The big mobile skeptics? You might be surprised. It isn’t the US where prior reports have consumers all heebie-jeebie over mobile phones and security. It’s right in the heart of NFC mobile technology land: namely Europe (France, UK) and Canada. The skepticism there seems to be rooted in a general concern over acceptance and the view that worldwide acceptance like the plastic card attained is a bit of a pipedream. I think that is interesting given that their point of reference, at least so far, is NFC technology. (Do you think they have been reading the EMEA edition of PYMNTS.com??!!) In the U.S., which has a far more upbeat view of mobile payments, there is momentum building around mobile apps like Starbucks and Dunkins and LevelUp, familiarity with Square and its category competitors that now power everything from Girl Scout cookie sales to Joe the Plumber house calls, and a shift from using computers to shop online, to their smartphones and tablets – which most consumers describe as “mobile payments.” These apps and use cases have created the feeling that mobile payments are useful, secure and convenient, even if they aren’t ubiquitous. Consumers in the U.S. have been exposed to the power of the mobile phone and payments and commerce across a variety of environments and technologies and are generally enthusiastic about what they see and have used.
The other finding that I thought was interesting is that the most skeptical mobile phone users were the early adopters rather than Joe Six Packs who overall seemed more psyched about the potential for added convenience, speed and innovation. In prepping for The Innovation Project (Are you on the list??), I have been re-reading the books written by our v.cool thought leaders, including The Lean Startup by Eric Ries. Ries’ proposition is that early adopters love innovation and will tradeoff lots of stuff including reliability and compatibility for a new experience. All you early adopters, raise your hand if you remember v.1 of the iPhone? Remember those tradeoffs? According to Ries, the toughest customers are those more mainstream guys and gals who come to new things with high expectations since they seem pretty happy with what they have now, and need the “new thing” to be demonstrably better in order to make the switch.

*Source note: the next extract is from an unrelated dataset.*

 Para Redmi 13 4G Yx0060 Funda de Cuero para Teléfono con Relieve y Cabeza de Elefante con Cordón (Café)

According to the MasterCard research, it is the exact opposite when it comes to mobile payments. It is the early adopters who are the party poopers and the mainstream guys and gals who seem genuinely excited by the prospect of using their mobile phones to shop and pay in stores. The reasons for the early adopter skepticism is a concern over acceptance — basically not being able to use their phones all the places they want to. In fact, the problem is the early adopters get all psyched at first and download and populate wallets only to get turned off by the lack of acceptance. Maybe the mainstream customers haven’t thought the acceptance part all the way through or maybe they don’t care so long as they can use their phones at the places they want to, which may not necessarily be all of the places they shop today. Then again, maybe the early adopters are too hung up on making a total switch from plastic card to mobile phone as a condition of being wildly enthusiastic, which can only mean that they will be grumpy for a long time to come.

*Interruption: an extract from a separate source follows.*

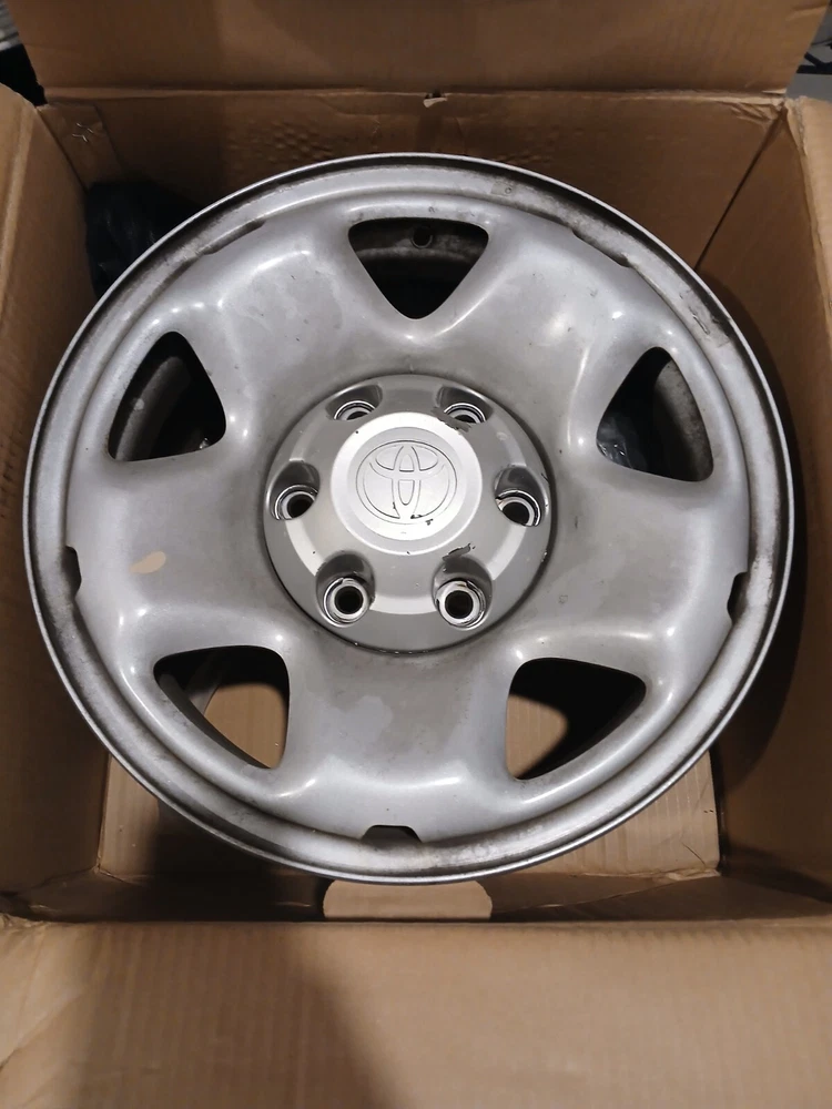 Elevate your vehicle's aesthetics and performance with this set of four authentic Toyota Tacoma steel wheels, complete with lug caps. These 16-inch rims feature a classic 5-spoke design, a durable one-piece cast construction, and a sleek silver painted finish that complements any exterior color. The wheels have a rim diameter of 16 inches and a width of 7 inches, ensuring a perfect fit for your Tacoma or any compatible model.With a bolt pattern of 6x139.7mm (6 x 5.5 inches) and a hub bore of 106 mm, these rims are designed for a seamless integration with your vehicle. The set includes wheel center caps to keep your wheels looking sharp and protected. Note that these wheels are factory original OEM parts, not replicas, and they come without a manufacturer warranty.

The study is an interesting data point since it only underscores that there is a worldwide consumer conversation about the power and the potential of mobile payments. From Dallas to Dubai, the chatter is consistent — consumers are fascinated with the possibility of using these powerful devices to discover new and efficient ways to buy and pay. Absent these conversations? Anything at all about what technology was going to power the experience – that’s the stuff that they will leave to all of us to duke out and tell them about later.